• _INSTRUCTIONS TO FOLLOW_
A word-for-word copy of the records is needed, with every picture left out.
*** MATERIALS PROVIDED Section Begins ***
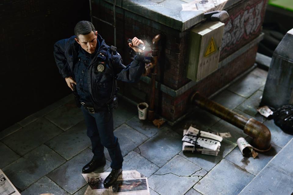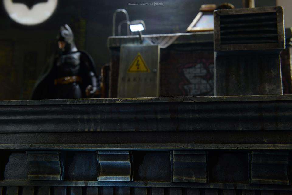 Primer diorama escala 1/6 para Hot Toys de las películas de Batman. En esta escena hemos recreado la azotea donde Gordon instala la Batseñal para comunicarse con el alter ego de Bruce Wayne. Dado que estas figuras de colección lucen un acabado realista hemos creado un diorama acorde. Un acabado desaturado y sucio para asemejarse a la estética oscura y fría de la ciudad de Gotham. Un punto diferenciador del diorama es la trasera simulando un skyline de la ciudad, pintado a mano y con la Batseñal de fondo. Y como los tejados dan mucho juego de detalles, no podiamos perder la oportunidad de llenar el diorama con: colillas, vasos de café, tragaluces, chimeneas, escaleras, luces, bolsas de basura, tuberias, periódicos, etc…
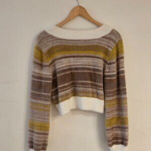 Sunday Best sweater Aritzia, fuzzy knit cropped sweater, striped v-neck sweater, cozy fall outfit, women’s brown cream yellow sweater, soft fuzzy knit top, Aritzia Sunday Best medium, trendy cropped knitwear, cozy winter fashion.
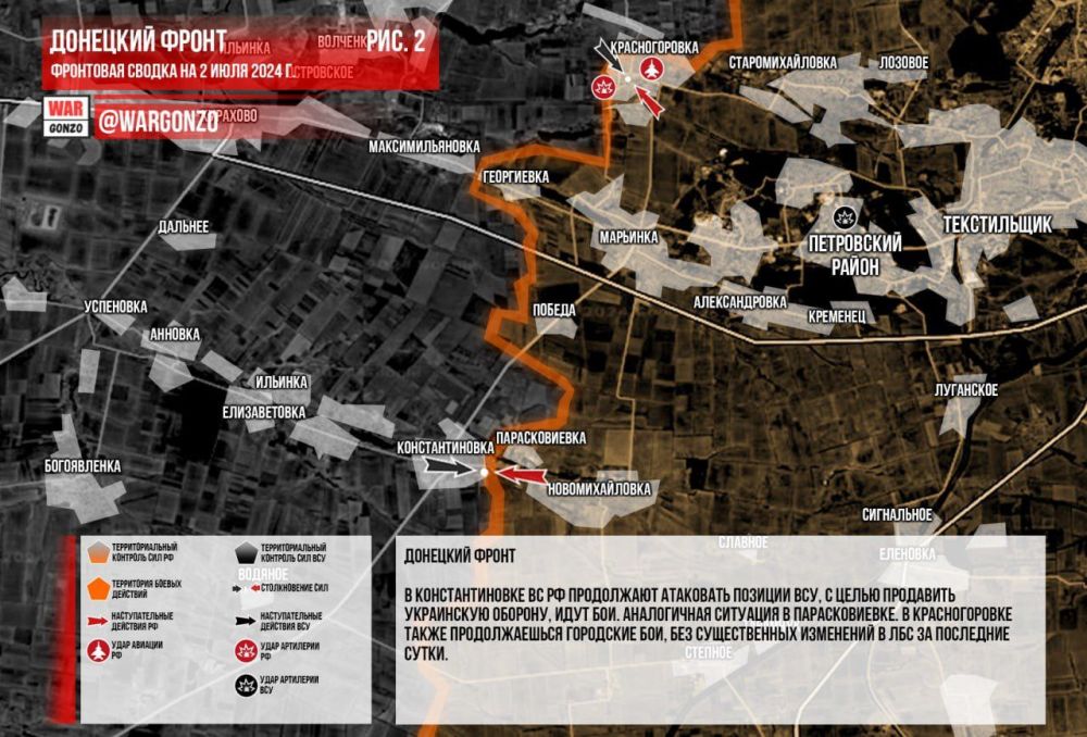 Фронтовая сводка на утро 02.07.2024 г. от Телеграм-канала WarGonzo.
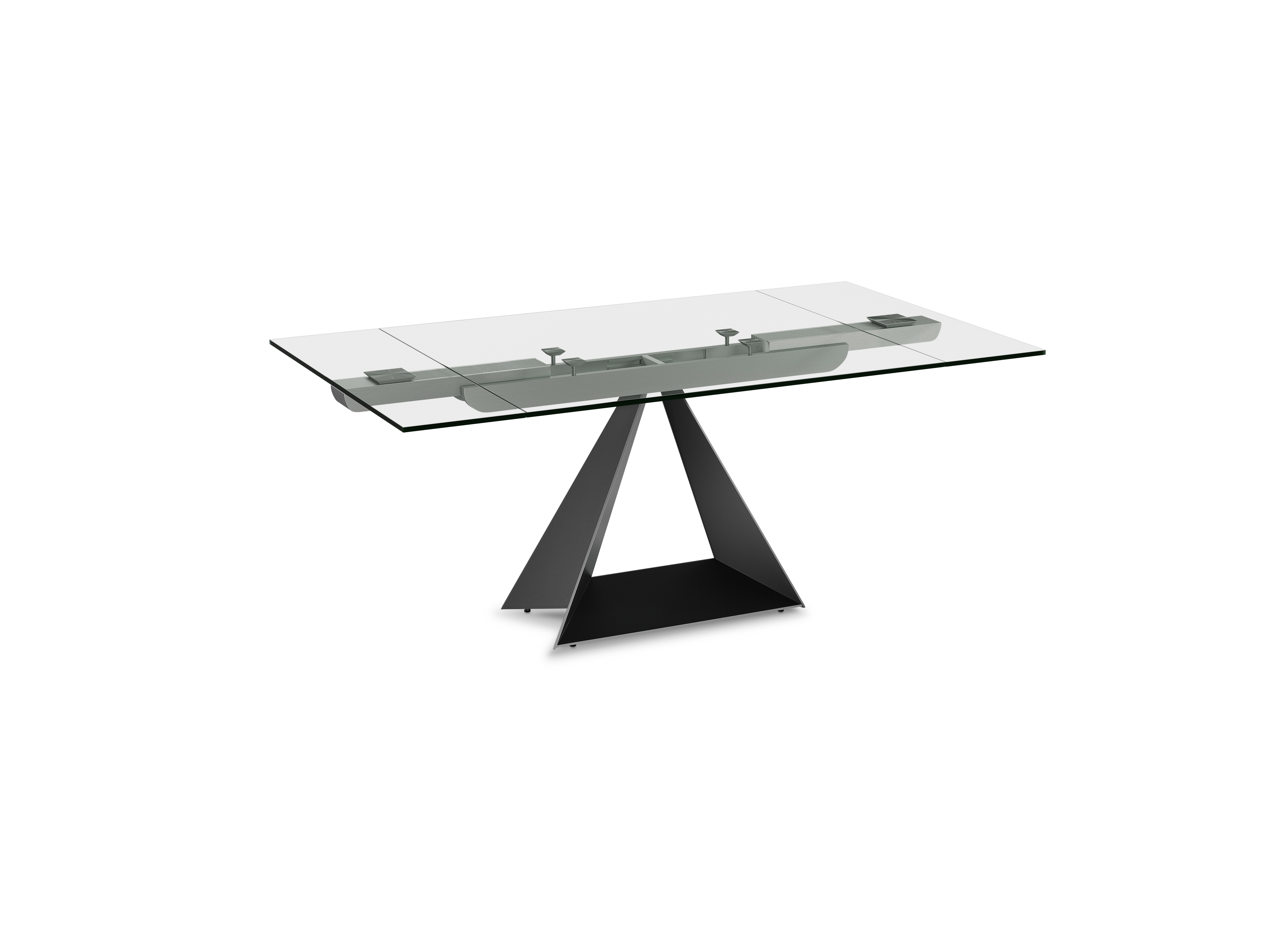 Unabashedly modern, the Prism design makes a bold singular statement. Angles abound, from the folded steel construction to the sleek geometric lines of the body. We have paired this striking silhouette with our proven extension mechanism for the utmost in ease, flexibility and strength. Our tempered glass table top fully reveals the beauty of the stunning base. Prism easily coordinates with any of our large selection of Elite Modern dining chairs.
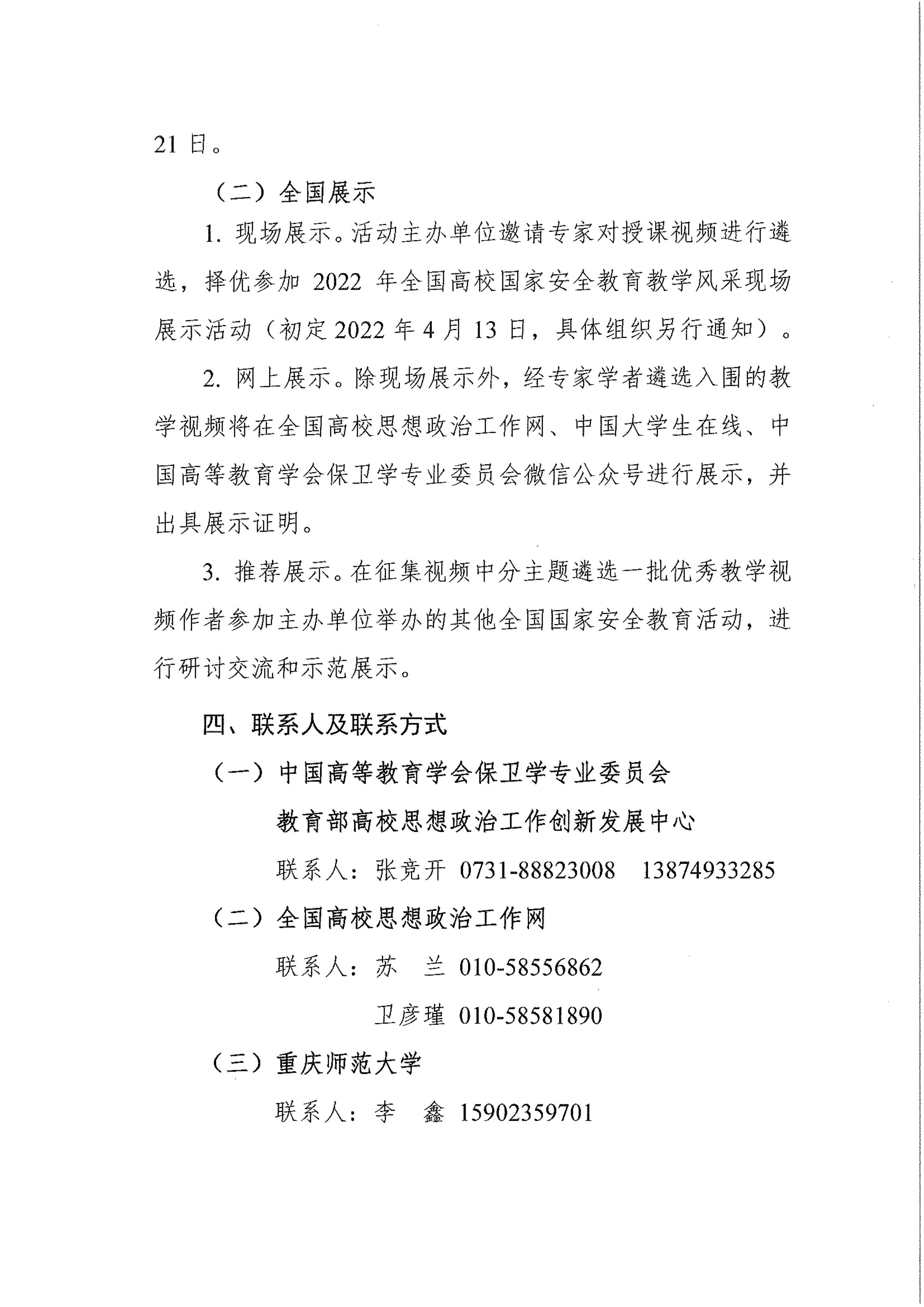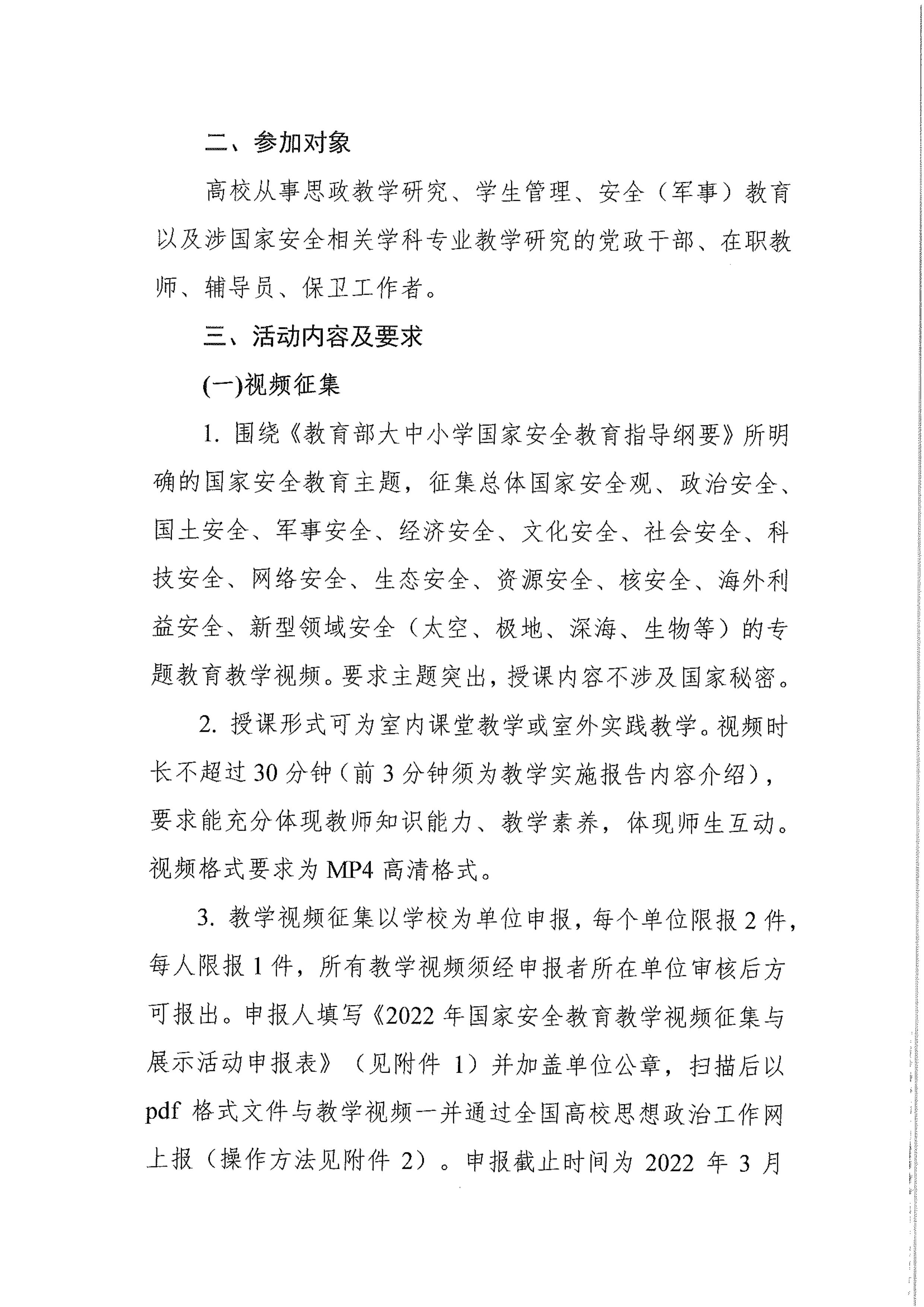 关于开展国家安全教育教学视频征集与展示活动的通知
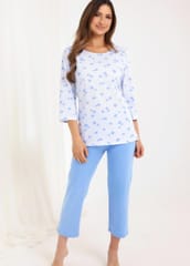 Bawełniana piżama damska. Koszulka wzorzysta z rękawem 3/4, dekolt półokrągły. Do kompletu spodnie jednolite o długość 7/8. Skład: 100% bawełna.
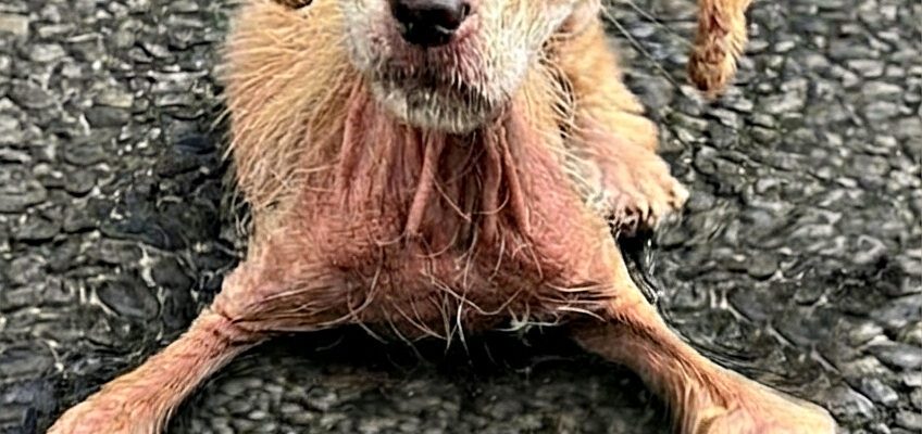Her front legs were badly deformed, and her tiny body was covered in mange.
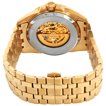 Yellow gold-tone stainless steel case and bracelet. Fixed yellow gold-tone stainless steel bezel. Gold skeleton dial with luminous black hands and Roman numeral and index hour markers. Minute markers around the outer rim. Dial Type: Analog. Luminescent hands and markers. Automatic movement. Scratch resistant mineral crystal. Pull / push crown. Transparent case back. Round case shape, case size: 43 mm, case thickness: 12.2 mm. Band width: 22 mm. Deployment clasp. Water resistant at 100 meters / 330 feet. Functions: hour, minute, second. Sutton Series. Casual watch style. Bulova Sutton Automatic Gold Skeleton Dial Men's Watch 97A162.
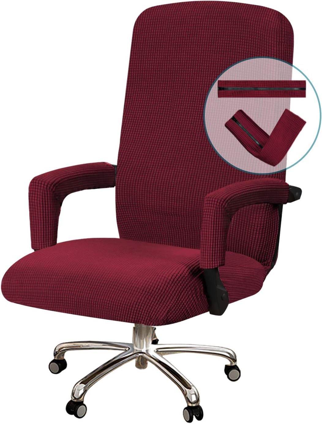 - EASY INSTALLATION WITH ZIPPER: The high-quality office chair cover is ultra comfortable and highly fit, zippers are designed on both chair back sides for facilitate fixation and using. Morever, bonus with 2 matching armrest covers could helping you relax your arms and reduce elbow pain
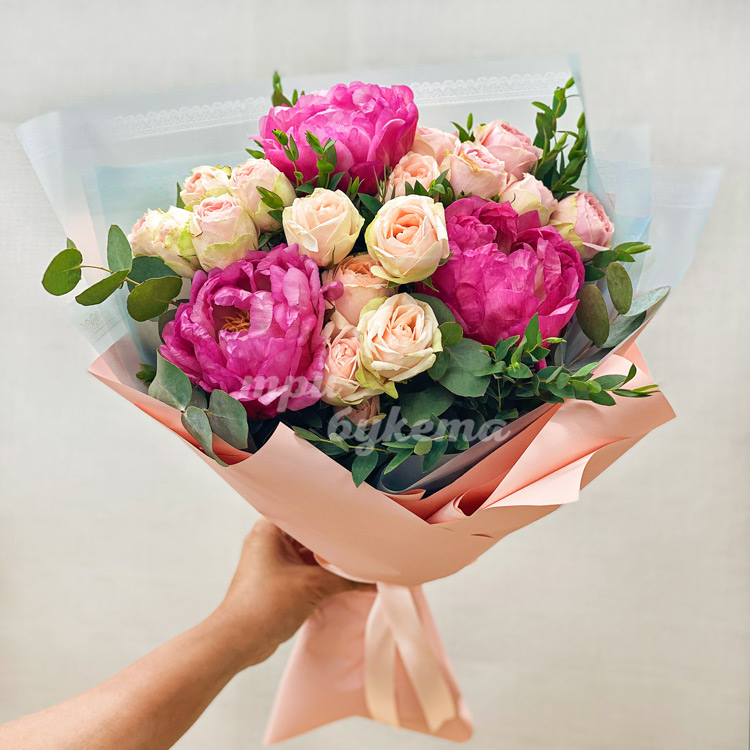 Букет розовых пионов и персиковых роз
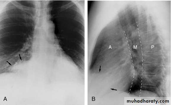 Pericardial fat pad. A, A soft tissue mass (arrows) is seen in the right cardiophrenic angle on the frontal chest x-ray. B, It also is seen in the anterior mediastinum on the lateral view. On this view, the anterior (A), middle (M), and posterior (P) portions of the mediastinum have been identified.
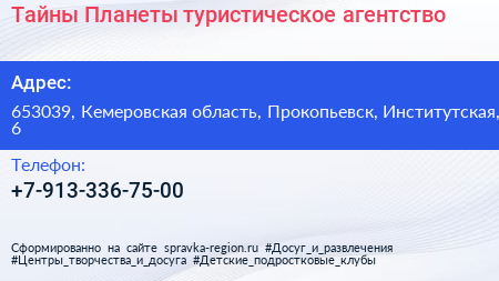 Тайны Планеты, туристическое агентство по адресу 653039, Кемеровская область, Прокопьевск, Институтская, 6 в дальнейшем Организация, размещена в следующих категориях:
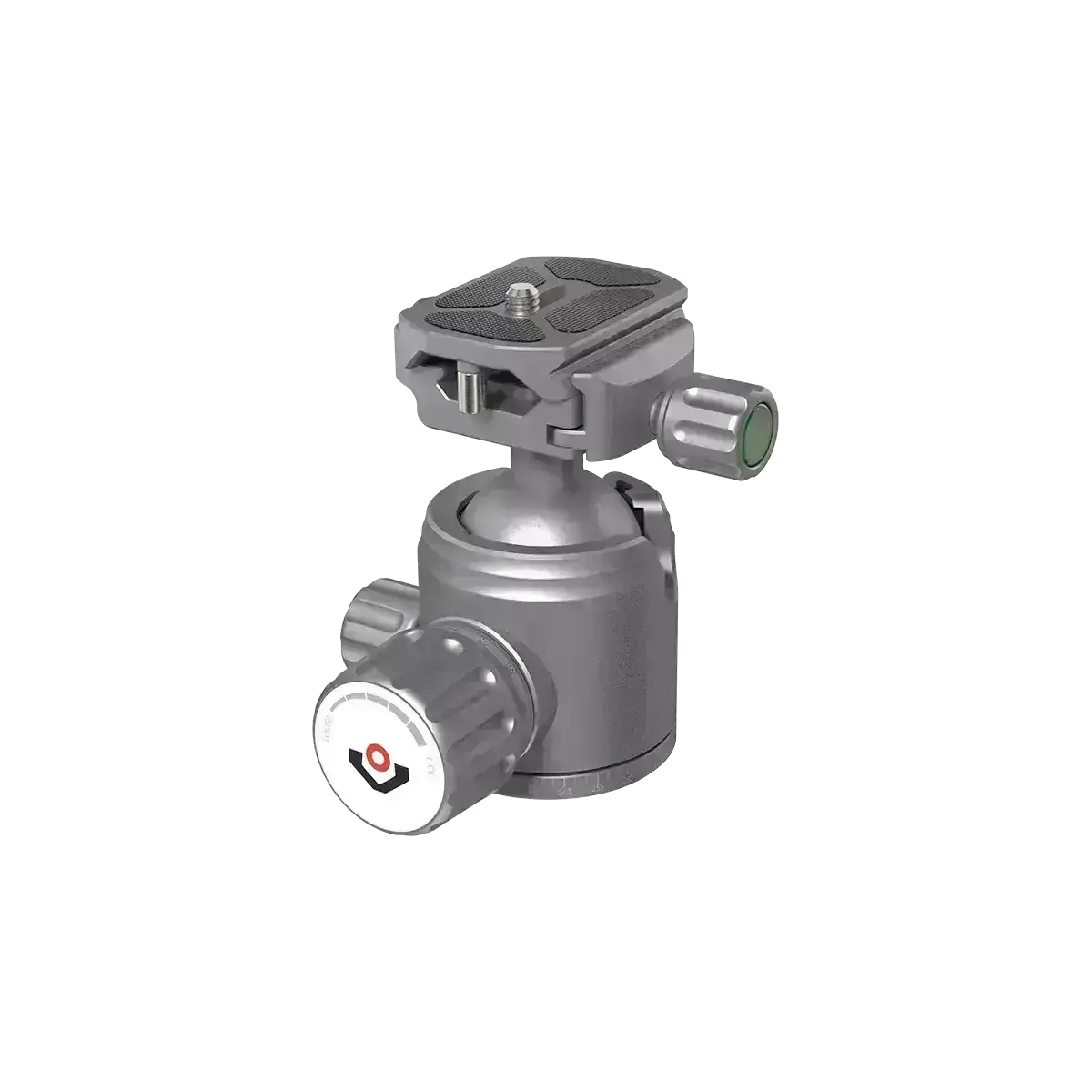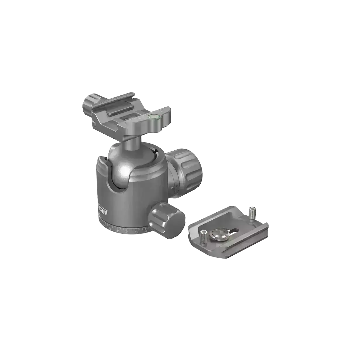 Dette 38mm ball head-kitet (modell RSRH-01) gir fleksibilitet og stabilitet for profesjonell bruk med presis justering. Utstyrt med 360° horisontal rotasjon og 90° vertikal drop-notch, muliggjør det enkel posisjonering for ulike behov.
*** MATERIALS PROVIDED Section Ends ***
• _EXERCISE SOLUTION_
 Primer diorama escala 1/6 para Hot Toys de las películas de Batman. En esta escena hemos recreado la azotea donde Gordon instala la Batseñal para comunicarse con el alter ego de Bruce Wayne. Dado que estas figuras de colección lucen un acabado realista hemos creado un diorama acorde. Un acabado desaturado y sucio para asemejarse a la estética oscura y fría de la ciudad de Gotham. Un punto diferenciador del diorama es la trasera simulando un skyline de la ciudad, pintado a mano y con la Batseñal de fondo. Y como los tejados dan mucho juego de detalles, no podiamos perder la oportunidad de llenar el diorama con: colillas, vasos de café, tragaluces, chimeneas, escaleras, luces, bolsas de basura, tuberias, periódicos, etc…
 Sunday Best sweater Aritzia, fuzzy knit cropped sweater, striped v-neck sweater, cozy fall outfit, women’s brown cream yellow sweater, soft fuzzy knit top, Aritzia Sunday Best medium, trendy cropped knitwear, cozy winter fashion.
 Фронтовая сводка на утро 02.07.2024 г. от Телеграм-канала WarGonzo.
 Unabashedly modern, the Prism design makes a bold singular statement. Angles abound, from the folded steel construction to the sleek geometric lines of the body. We have paired this striking silhouette with our proven extension mechanism for the utmost in ease, flexibility and strength. Our tempered glass table top fully reveals the beauty of the stunning base. Prism easily coordinates with any of our large selection of Elite Modern dining chairs.
 关于开展国家安全教育教学视频征集与展示活动的通知
 Bawełniana piżama damska. Koszulka wzorzysta z rękawem 3/4, dekolt półokrągły. Do kompletu spodnie jednolite o długość 7/8. Skład: 100% bawełna.
Her front legs were badly deformed, and her tiny body was covered in mange.
 Yellow gold-tone stainless steel case and bracelet. Fixed yellow gold-tone stainless steel bezel. Gold skeleton dial with luminous black hands and Roman numeral and index hour markers. Minute markers around the outer rim. Dial Type: Analog. Luminescent hands and markers. Automatic movement. Scratch resistant mineral crystal. Pull / push crown. Transparent case back. Round case shape, case size: 43 mm, case thickness: 12.2 mm. Band width: 22 mm. Deployment clasp. Water resistant at 100 meters / 330 feet. Functions: hour, minute, second. Sutton Series. Casual watch style. Bulova Sutton Automatic Gold Skeleton Dial Men's Watch 97A162.
 - EASY INSTALLATION WITH ZIPPER: The high-quality office chair cover is ultra comfortable and highly fit, zippers are designed on both chair back sides for facilitate fixation and using. Morever, bonus with 2 matching armrest covers could helping you relax your arms and reduce elbow pain
 Букет розовых пионов и персиковых роз
 Pericardial fat pad. A, A soft tissue mass (arrows) is seen in the right cardiophrenic angle on the frontal chest x-ray. B, It also is seen in the anterior mediastinum on the lateral view. On this view, the anterior (A), middle (M), and posterior (P) portions of the mediastinum have been identified.
 Тайны Планеты, туристическое агентство по адресу 653039, Кемеровская область, Прокопьевск, Институтская, 6 в дальнейшем Организация, размещена в следующих категориях:
 Dette 38mm ball head-kitet (modell RSRH-01) gir fleksibilitet og stabilitet for profesjonell bruk med presis justering. Utstyrt med 360° horisontal rotasjon og 90° vertikal drop-notch, muliggjør det enkel posisjonering for ulike behov.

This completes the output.